Remote Sensing Data Analysis


Fall 2017 | T/TH 1:45-2:45pm | ECCR 151 (Lab: ECCR 239)

Course Description

With an explosive increase in the availability of high-resolution terrestrial remote sensing data, analyzing it has become a big data problem. Increasingly, machine learning is being recognized as a powerful tool for addressing this challenge. This course covers some of the most commonly used machine learning techniques in remote sensing data analysis, specifically for clustering, classification, feature extraction and dimensionality reduction. The course also covers inverse methods used to retrieve geophysical information from atmospheric remote sensing data. The course materials are organized into five sections: (1) Introduction, (2) Feature Extraction and Selection, (3) Clustering, (4) Classification, and (5) Inverse Methods for Atmospheric Remote Sensing Data. Hands-on computational homework (in Matlab or/and Python) and group and individual projects provide opportunities to apply classroom curricula to real remote sensing data.

Class Learning Goals

The goal of this course is to introduce commonly used machine learning techniques and inverse methods in remote sensing data analysis, equipping students with the knowledge and skills to apply modern data analysis techniques to remotely sensed data on their own.

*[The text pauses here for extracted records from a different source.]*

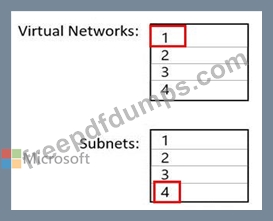 You need to identify how many virtual networks and subnets are required for the solution. The solution must minimize costs to transfer data between virtual networks.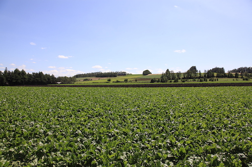畑作の場合、地力(土地の生産力)を維持するために、輪作が欠かせません。冬季の⾧い北海道では栽培できる作物が限られます。北海道では小麦、ジャガイモ、(豆)、てん菜を順番に栽培する輪作体系が確立しています。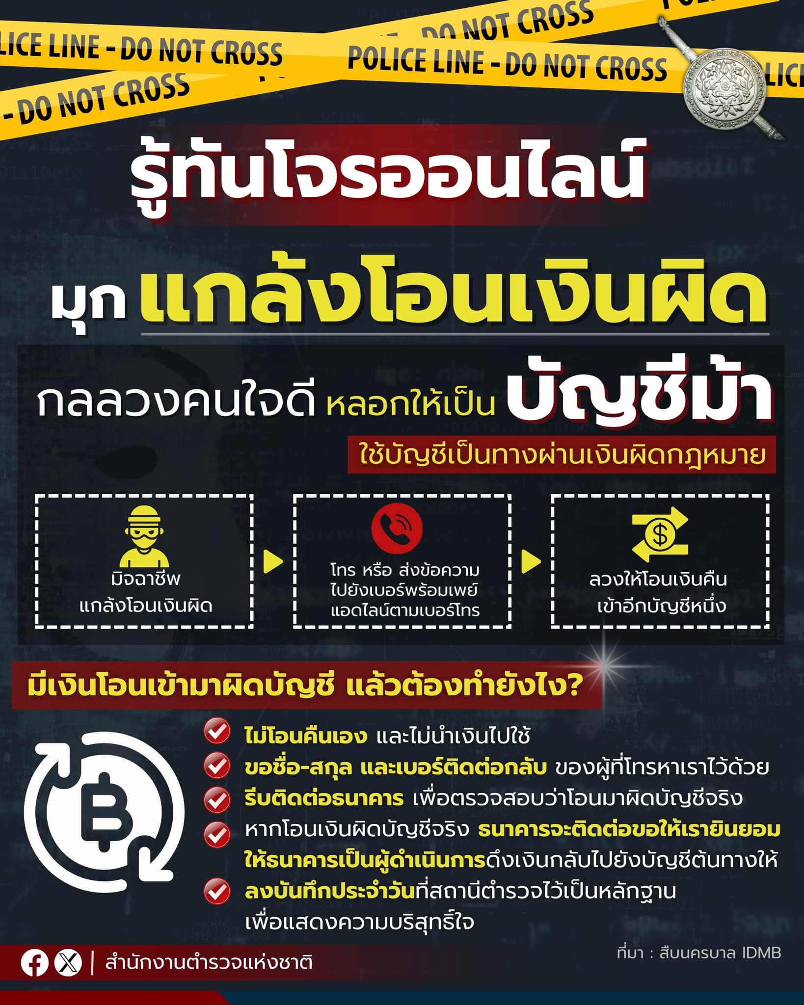 กลลวงคนใจดี หลอกให้เป็น “บัญชีม้า” มิจฉาชีพแกล้งโอนเงินผิด โทร หรือส่งข้อความมาตามเบอร์ที่ตรงกับบัญ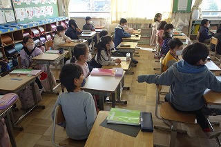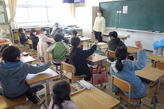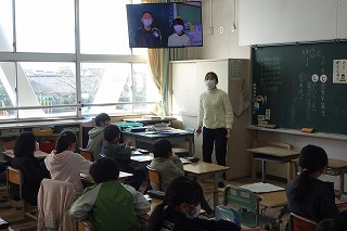 2年1組の学級活動は、児童会の「トーキングスマイル」活動の動画をみんなで見ました。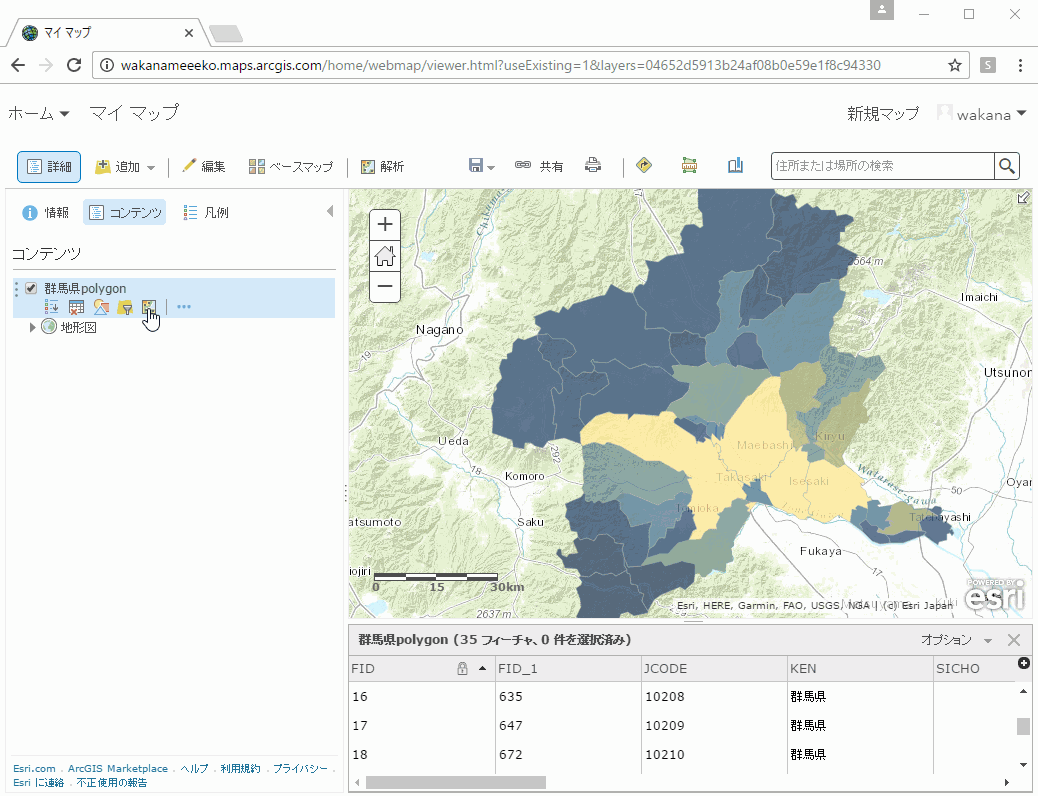 ArcGIS Open Data にあるデータを使って地図データの基礎を作ります。このデータは既に人口の値(P_NUM)※を持っているため、resas2arcgis を使って入力した将来人口推計のデータと比較します。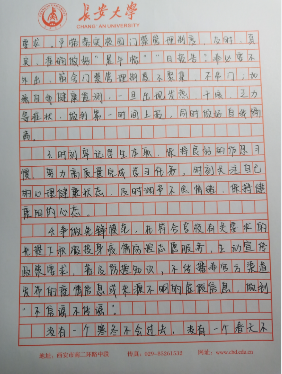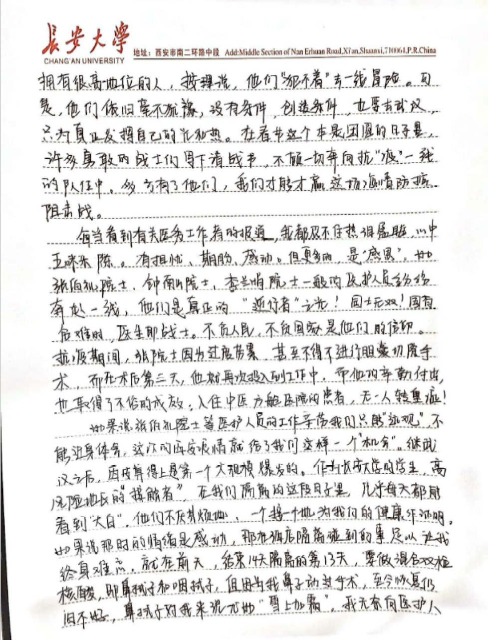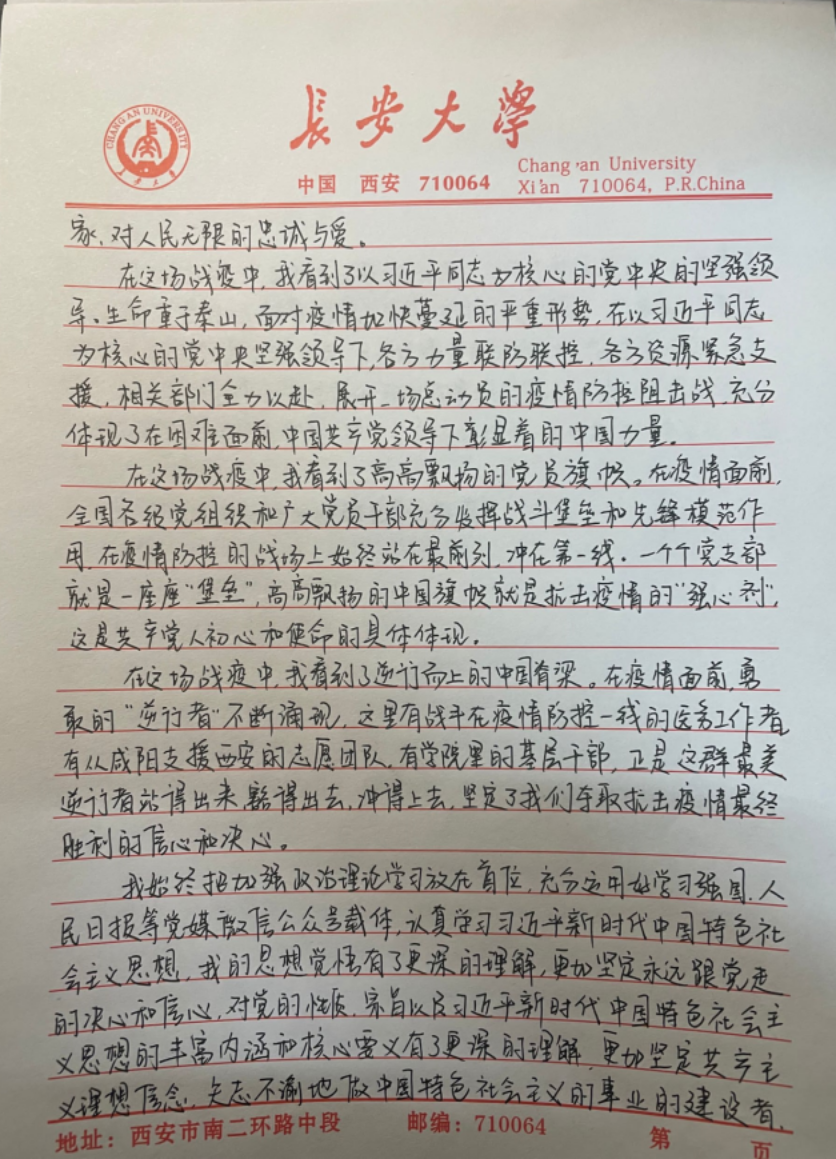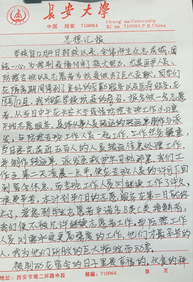 硕1901党支部预备党员吴征在思想汇报中表达了自己在不能继续做志愿者后的遗憾,同时也写道:“考虑到学生志愿者中存在诸多B、C类接触者,便不被允许继续志愿者工作。而防控工作人员则需要承受更高强度的工作,他们才是最辛苦的人,我为他们所作的巨大牺牲而动容。
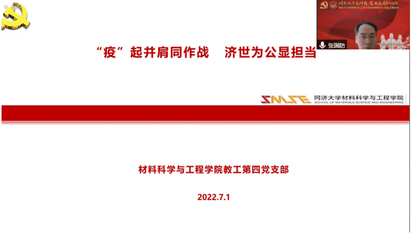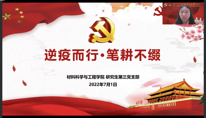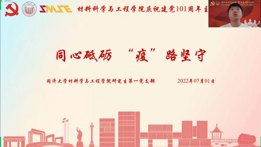 研究生第一党支部书记刘科以“同心砥砺、‘疫’路坚守”,为主题,向与会同志介绍了各学生党支部对外辐射宣传、学术讲堂以及与外校的支部互建联络合作情况等系列活动。他寄语材料学子:作为新时代青年党员,要把青春奋斗融入党和人民事业,成长为堪当民族复兴重任的时代新人,成为实现第二个百年奋斗目标的先锋力量。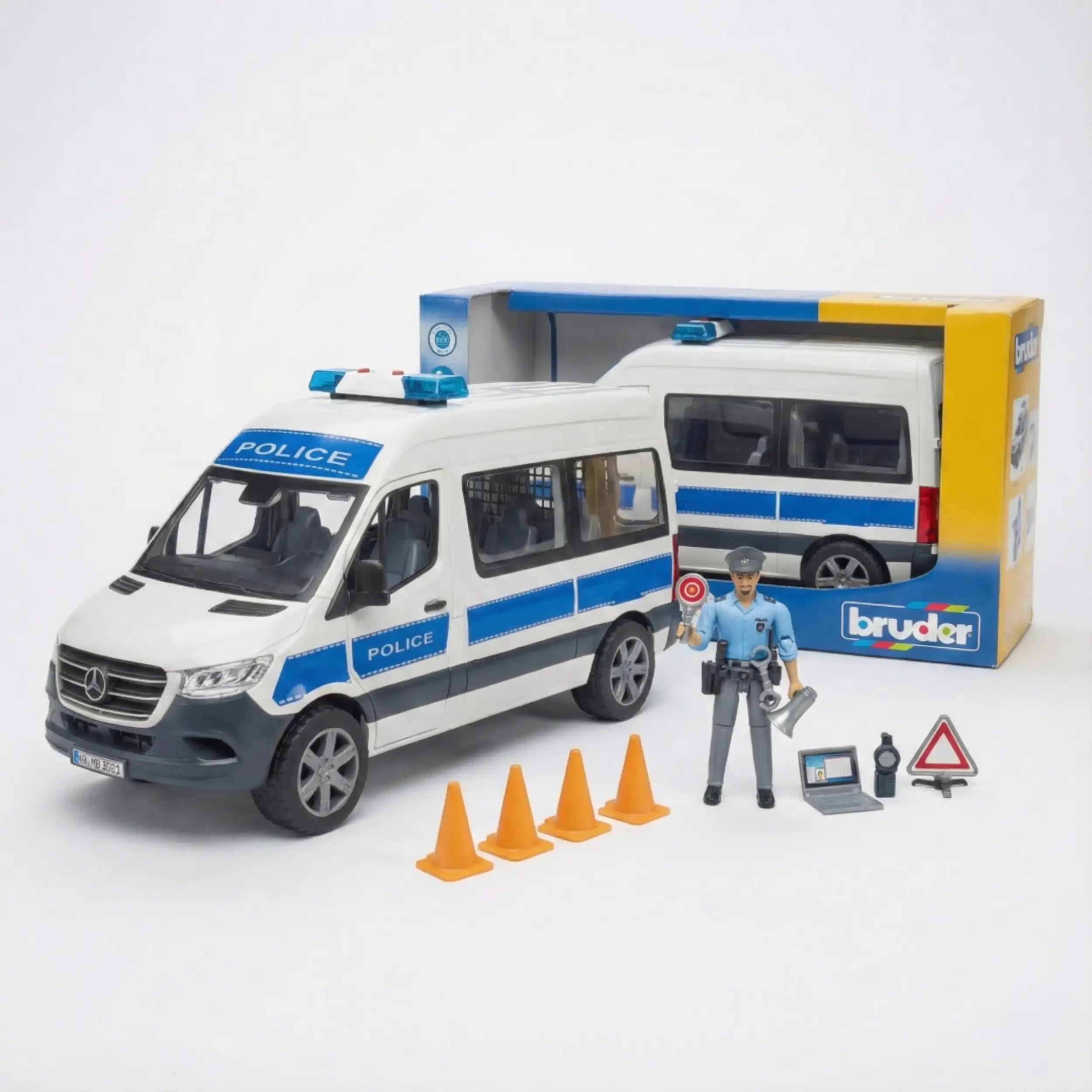 Bruder MB Sprinter police vehicle toy with officer, cones, laptop, and sign, featuring realistic details for imaginative play.
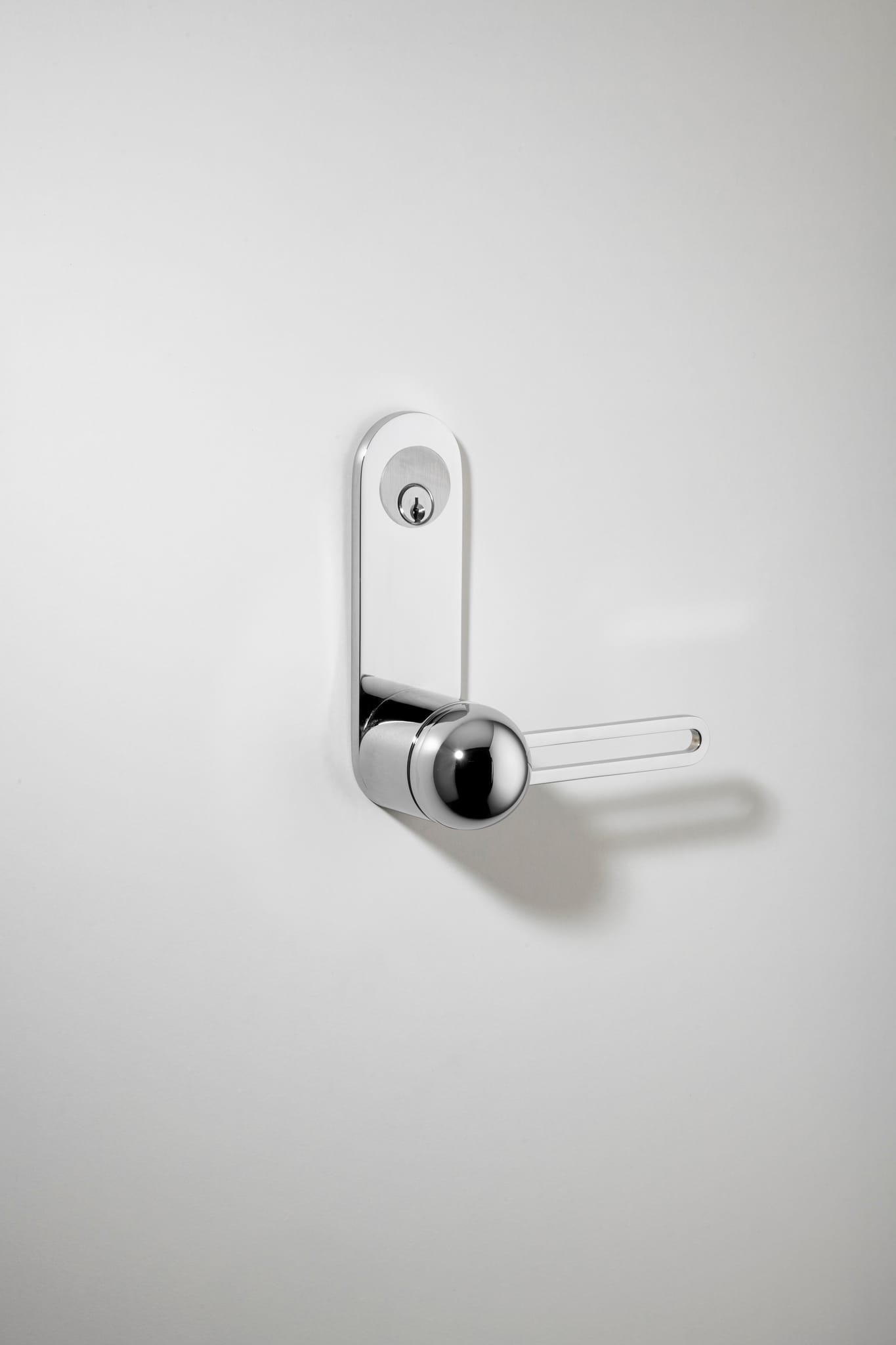 The H01 Lever on Backplate design showcases an open-frame lever atop an oval backplate. With an option for an integrated lock mechanism, the design is low-profile, accented with Art Deco-inspired curves.

Students will: (1) develop a deeper understanding of machine learning and inverse methods in the context of remote sensing data analysis; (2) actively apply their own understanding of the fundamentals and tradeoffs of different approaches in critiquing current remote sensing data analysis research; and (3) develop the skills, confidence and creativity to design and solve a remote sensing data analysis problem of their choice.

Prerequisites

Some basic understanding of estimation theory and statistical learning techniques (e.g., ASEN 5044 Statistical Estimation for Dynamical Systems, ASEN 5307 Engineering Data Analysis Methods), as well as programming experience with Matlab or/and Python and familiarity with software engineering tools are desired.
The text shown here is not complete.